** ABOUT THIS EXERCISE **
Among the lines of the listing below, retype exactly those from the one containing "Your card also" through the one containing "de tejido técnico.", both included. Do not include pictures.

** DATA RECORDS **
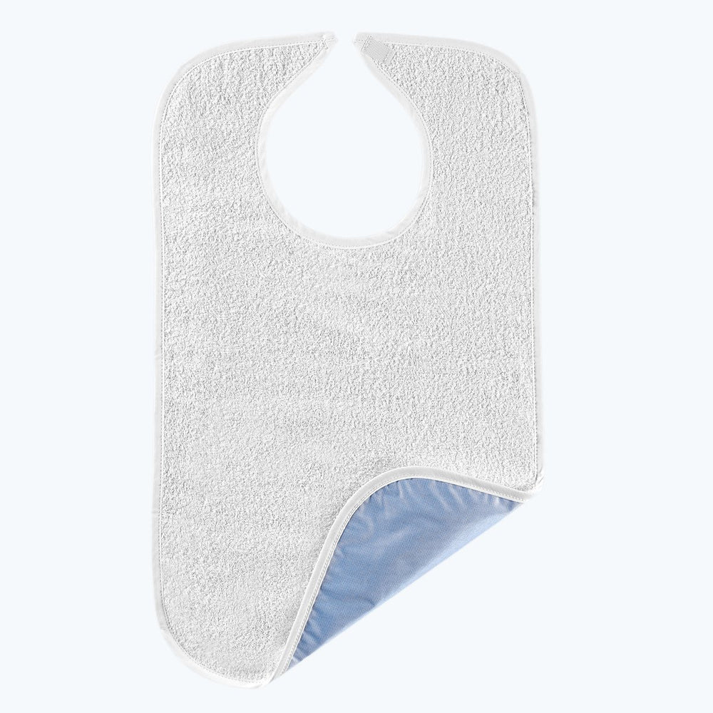 - Heavyweight bibs are made of soft, highly absorbent terrycloth and are oversized for complete protection against spills
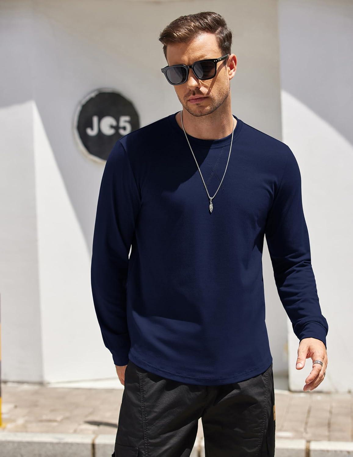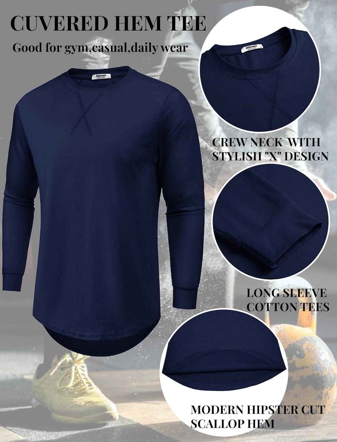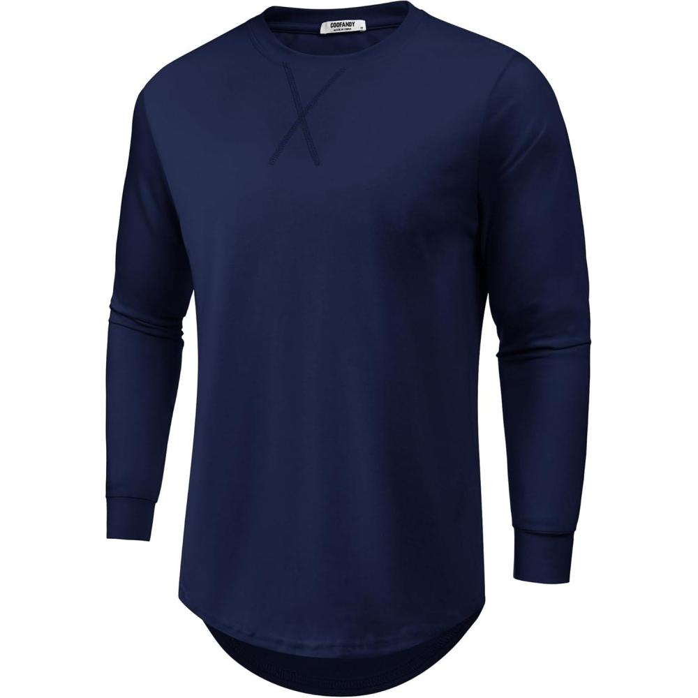 COOFANDY Mens Cotton Hipster Hip Hop Longline Crewneck T Shirts Casual Long Sleeve Tees Curved Hem Gym Shirts(One Piece- Navy Blue)
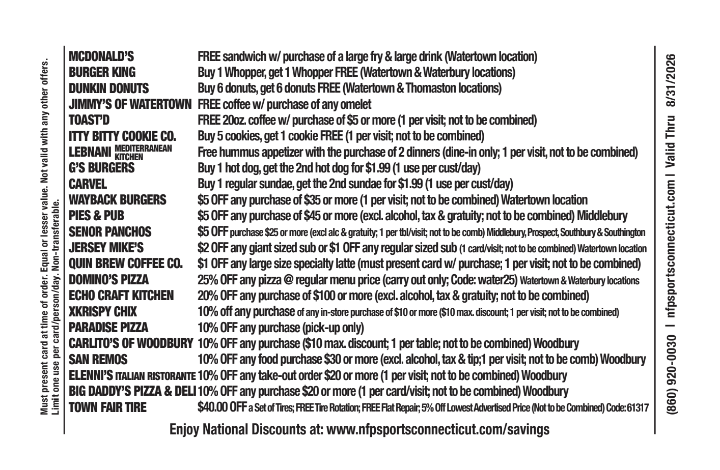 Your card also gives you access to the NFP Sports Savings Club. It includes manufacturer coupons, online discounts & travel discounts. Check your card for details.
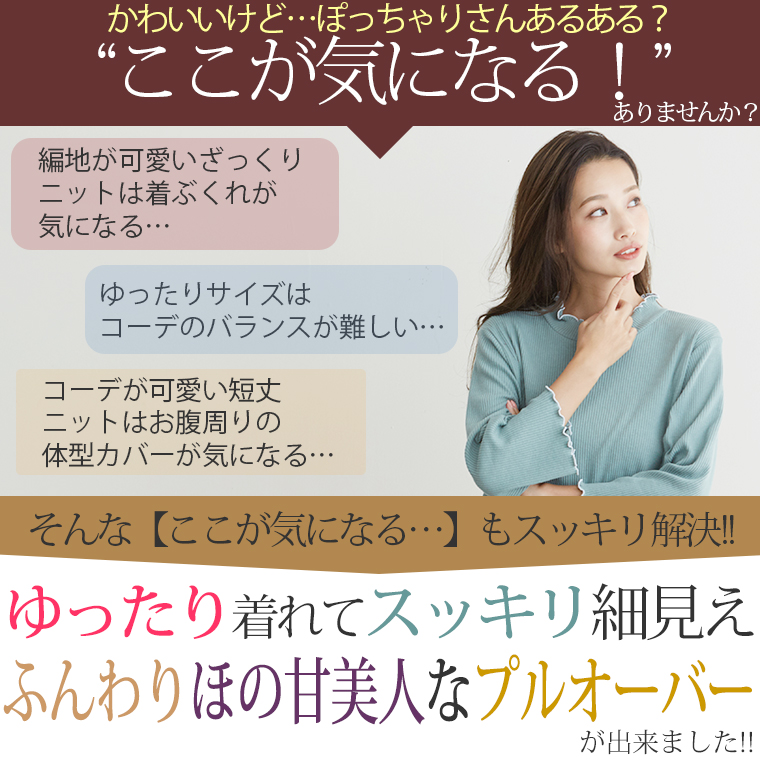 ゆるシルエットをスッキリ魅せるお洒落なスッキリ美人ニット。優しいカラーがほの甘上品な雰囲気。
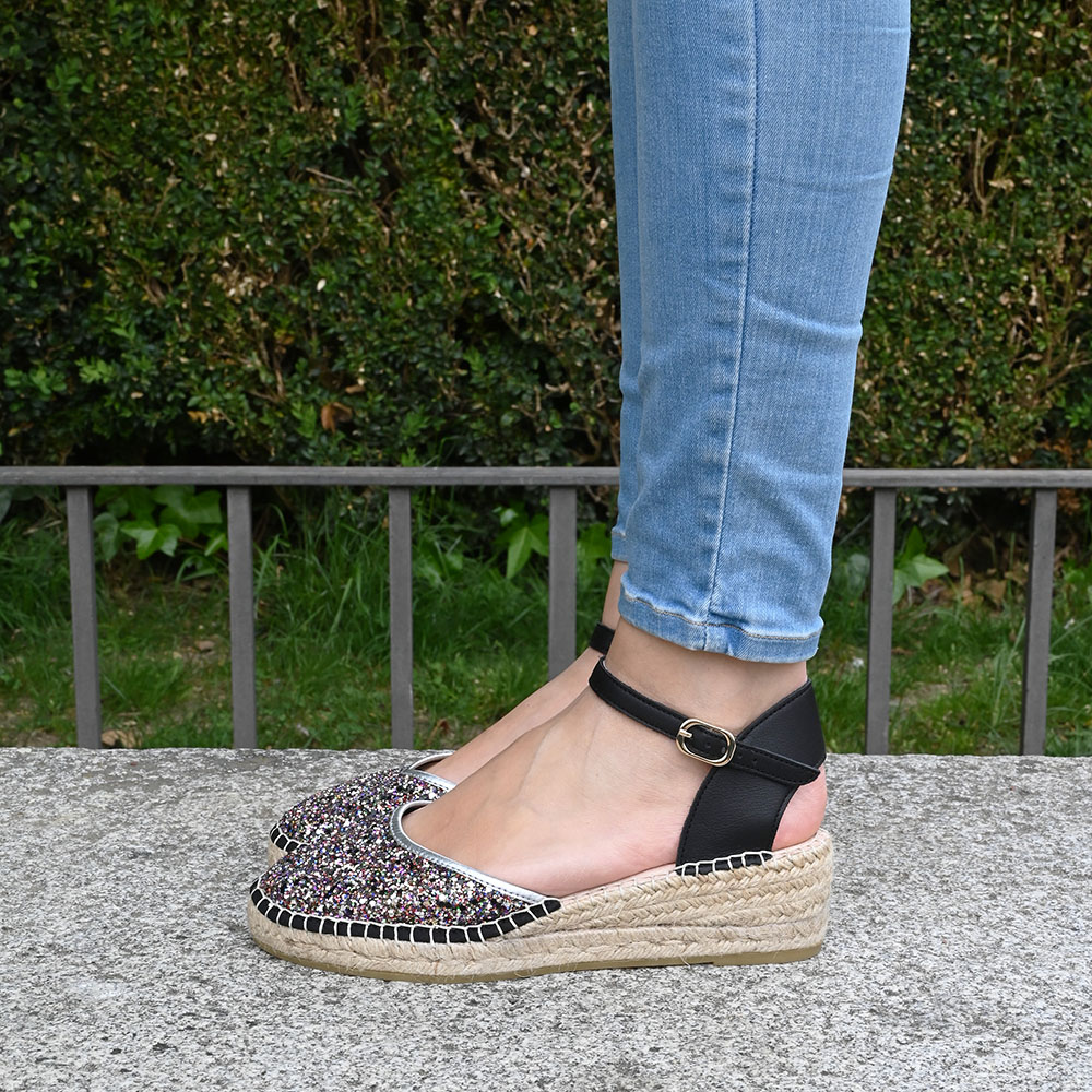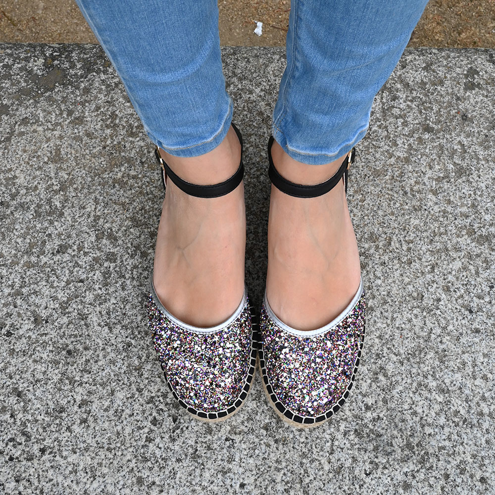 ✔︎ Zapato: Hechas a mano. Exterior en piel y tejido con glitter. Interior de tejido técnico.
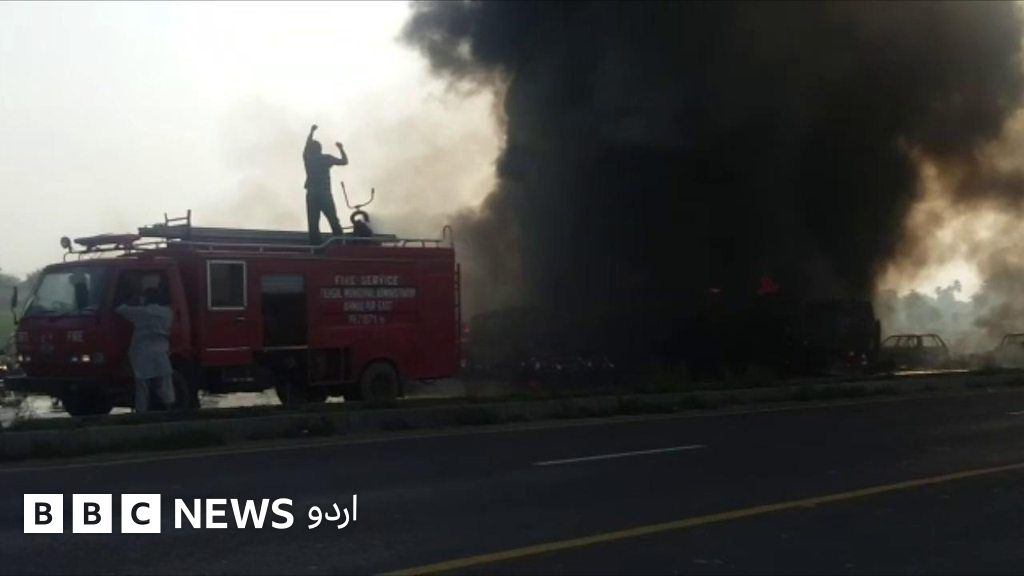 پاکستان کے صوبہ پنجاب کے ضلع بہاولپور میں تیل سے بھرے ٹینکر میں الٹنے کے بعد آگ لگنے کے نتیجے میں 120 سے زیادہ افراد ہلاک اور 80 سے زیادہ جھلس گئے ہیں۔ ویڈیو بشکریہ جاوید، مقامی صحافی
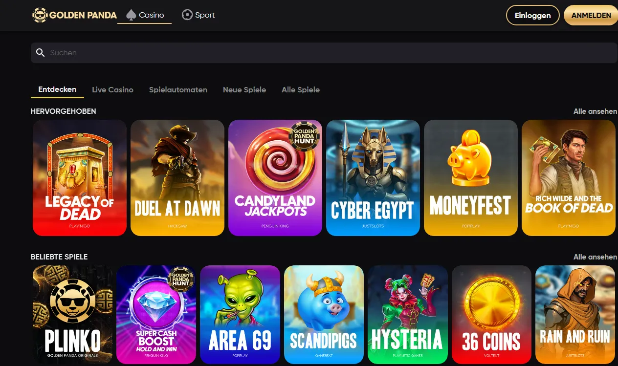 Das GoldenPanda Casino bietet über 4.000 Spiele, darunter Spielautomaten, Roulette, Poker und Blackjack – für ein umfangreiches, unterhaltsames Spielerlebnis.
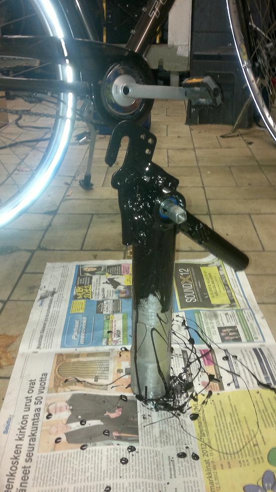 Periaatteessa ajokunnossa mutta käytännössä ei, pitää huomenna mennä vielä hitsaamaan etuvaihtajan vaijerin "stoppari" uusiksi kun nyt vaijeri hinkkaa siihen vaihtajan putkeen, nätisti kyllä vaihtaa ja kiertovaihtajan jälkeen (laitoin liipasimen) etuvaihtajan käyttö oli ihan miellyttävää. Takavaihtajaan ostattaa liipasimen vielä kun se on yhdeksällä naksulla, kun joku aika takaperin vaihteet oli huonoissa säädöissä (kolauttelin vaihtajaa) niin tuntui, että siellä oli ylimääräinen naksu mutta ei ollutkaan, on vissiin menty sitten jossain välissä kaksi vaihdetta kerrallaan... samapa tuo, vaihteet pelaa mutta toisesta päästä uupuu vaihde, ehkäpä viikon päästä ei enää, samalla tilasin pythoniin polkimet ja työkalut kun mokomat oli pääseet unohtumaan.
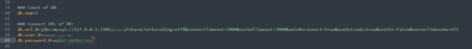 ### Count of DB: db.num=1 ### Connect URL of DB: db.url.0=jdbc:mysql://127.0.0.1:3306/nacos?characterEncoding=utf8&connectTimeout=1000&socketTimeout=3000&autoReconnect=true&useUnicode=true&useSSL=false&serverTimezone=UTC db.user.0=nacos_oychz db.password.0=nacos_oychz_Pwd
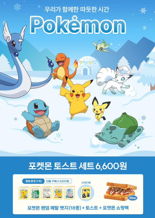 세트 구성: 신메뉴 토스트 7종 중 1가지 선택, 메탈 형식의 포켓몬 랜덤 뱃지 1종, 포켓몬 쇼핑백

** THE ANSWER **
 Your card also gives you access to the NFP Sports Savings Club. It includes manufacturer coupons, online discounts & travel discounts. Check your card for details.
 ゆるシルエットをスッキリ魅せるお洒落なスッキリ美人ニット。優しいカラーがほの甘上品な雰囲気。
 ✔︎ Zapato: Hechas a mano. Exterior en piel y tejido con glitter. Interior de tejido técnico.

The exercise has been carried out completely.